Friday, 21 December 2007

What should come first, critical mass or a business model?

Reid Hoffman, chairman and president of products at LinkedIn, recently said at a conference that web service companies should concentrate on building a critical mass of users before they worry about how to make money (I assume he’s referring to services where the concept of a ‘critical mass of users’ is important – such as those with a strong element of social networking and user generated content for example).

There are lots of successful companies that did not monetize their users until a long way down the line. Just look at the biggies: Google, YouTube, Facebook, Skype, LinkedIn, MySpace … and what is their primary business model? Advertising and premium services. Yet so many VCs keep telling me that the business model has to be nailed from the start, and by the way "advertising is not a business model." From what I can see, advertising is making lots of people very, very rich indeed.
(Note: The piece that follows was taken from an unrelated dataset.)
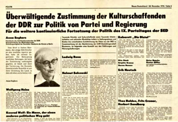 Einige Senioren erinnern sich vielleicht noch daran. Aber Ostdeutschen älterer Jahrgänge dürfte der Begriff erst Recht bekannt vorkommen, sogar vertraut, nämlich von der überwältigenden Zustimmung der DDR-Kulturschaffenden zur Biermann-Ausbürgerung 1976.

Advertising on the internet and mobile is exploding. Advertising certainly is a business model and a very lucrative one at that.

If you have the critical mass of users. Which is starting to sound like bubble1.0 again: then it was about getting as many visitors as possible to your portal, now it’s about getting as many members as possible in your social network. It’s an improvement this time round, though, because users will be more engaged and you know intimate details about them such as the colour of their underpants. And a big company that already knows that this sort of thing works might buy you.

But since you’re not one of the first web2.0 companies that could attract lots of new members at a low cost because it was all so new and cool and there wasn’t much competition, there’s a tough challenge ahead: you need to expend lots of resources in the early stages to build critical mass with precious little return. To have the best chance, you need to develop partnerships that can enhance the service and bring more reach, have the resources to develop your offering faster than someone else can copy it, and make sure you’re in the right place at the right time. It’s a crowded market, and few will survive long enough to reach the tipping point.